Tips for Better Results

  1. Write text content directly into the prompt as it should appear. Use quotes around the exact words: "poster with 'NEON NIGHTS' in large glowing letters at the top". The model interprets quoted text as content to render verbatim.

  2. Describe text hierarchy explicitly. Specify which text is large, which is small, and where each element sits. "Bold 40px title 'IRONWOOD ALE' centered, smaller subtitle 'Dark Oak Reserve' below" produces more accurate layout than a generic description.

  3. Disable Prompt Enhancer for exact text. The enhancer improves visual quality but may rephrase your prompt, altering the text content rendered in the image. Turn it off when the exact wording matters.

  4. Use ERNIE Image Turbo for iteration. At 3 CU per generation versus 11 CU for the standard model, Turbo lets you test prompts, layouts, and compositions cheaply. Switch to ERNIE Image for the final output once the prompt is working.

  5. Use Guidance Scale 4 to 6 for most outputs. The default of 4 works well for general generation. Increase to 6 or 7 for outputs where you need the model to follow a complex layout description more precisely. Avoid values above 10 for realistic imagery.

  6. Use a fixed seed when refining a prompt. Set a seed to hold the composition constant between runs. This lets you isolate the effect of prompt changes without introducing new random variation.
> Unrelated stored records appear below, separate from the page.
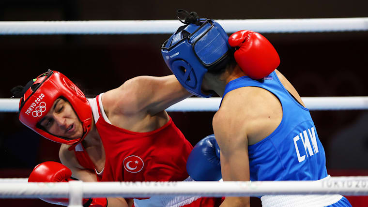TOKYO, JAPAN - AUGUST 07: Busenaz Surmeneli of Team Turkey punches Hong Gu of Team China during the Women's Welter (64-69kg) Final bout between Busenaz Surmeneli of Team Turkey and Hong Gu of Team China on day fifteen of the Tokyo 2020 Olympic Games at Kokugikan Arena on August 07, 2021 in Tokyo, Japan. (Photo by Buda Mendes/Getty Images)
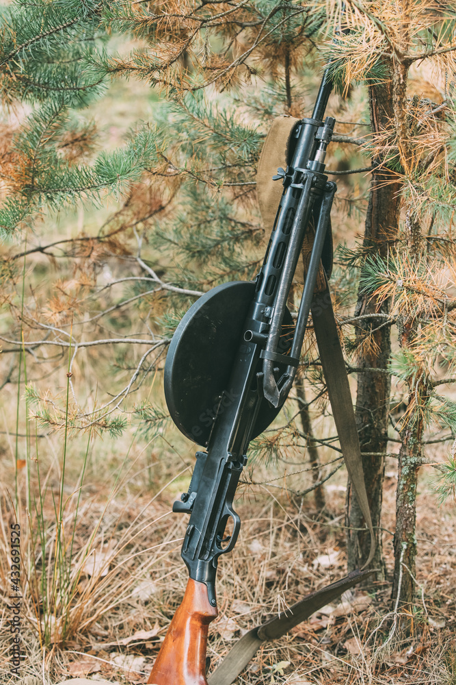 Old Soviet Russian DP Machine Gun Of World War II Leaning Against Trunk Of Tree. Weapon Of Red Army
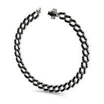 Big and bold, this beautifully crafted Miami Cuban Link chain is featured in solid Gold. The links are detailed with pave set brilliant small round cut black diamond. This luxurious necklace is wide and great to wear by itself or with your favorite charm. This vibrant chain has a secure locking with a durable large box clasp holding the necklace.
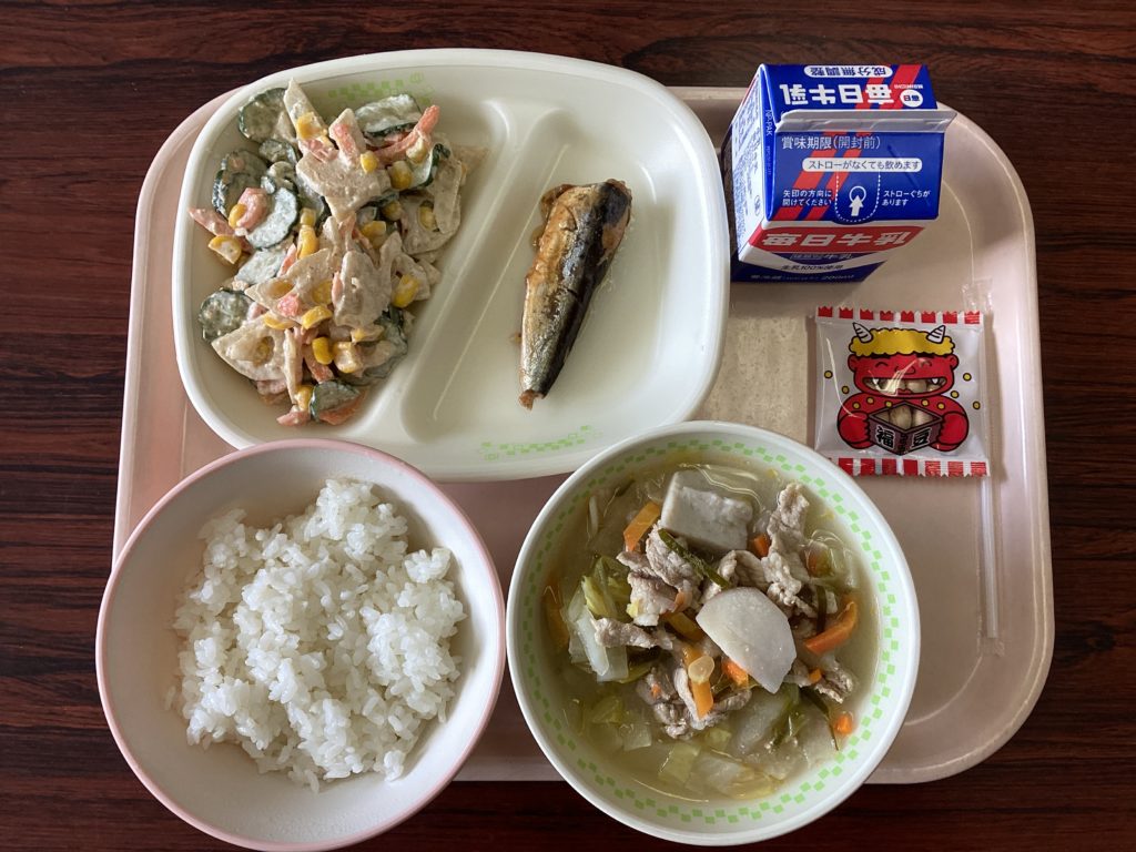 今日は、節分給食です。いわしの梅煮や節分豆が出ます。今年の災難ばらいと福を祈って、いただきましょう。

  7. Use the recommended dimension presets. The model is tuned for specific width and height combinations. Arbitrary dimensions may produce unexpected crops or stretched outputs. Stick to the seven standard presets unless you have a specific requirement.


Known Limitations

  • Chinese text is weaker than English. ERNIE Image performs well on English text rendering. Chinese text accuracy is also strong, but English outperforms Chinese on standard benchmarks. For Chinese-language text-in-image work, test outputs carefully and use Prompt Enhancer off to preserve the exact Chinese characters in your prompt.

  • No negative prompt. Neither ERNIE Image nor ERNIE Image Turbo accepts a negative prompt parameter. Use the main prompt to describe what you want rather than what to exclude.

  • No reference image input. Both models are text-to-image only. They do not accept a reference image for style or composition guidance.

  • Turbo quality ceiling is lower than the standard model. ERNIE Image Turbo produces good results quickly, but at high steps counts ERNIE Image consistently delivers more detail, more accurate text rendering, and better instruction fidelity. Use Turbo for drafts and ERNIE Image for final output.

  • Very small text in dense layouts may be inaccurate. Text at small relative sizes within complex compositions may render with minor character errors. Keep critical text large and central in the composition for best accuracy.

  • Prompt Enhancer can alter text content. When enabled, the Prompt Enhancer may reinterpret or paraphrase the text specified in your prompt, resulting in different words appearing in the image than you wrote. Disable it when exact text is required.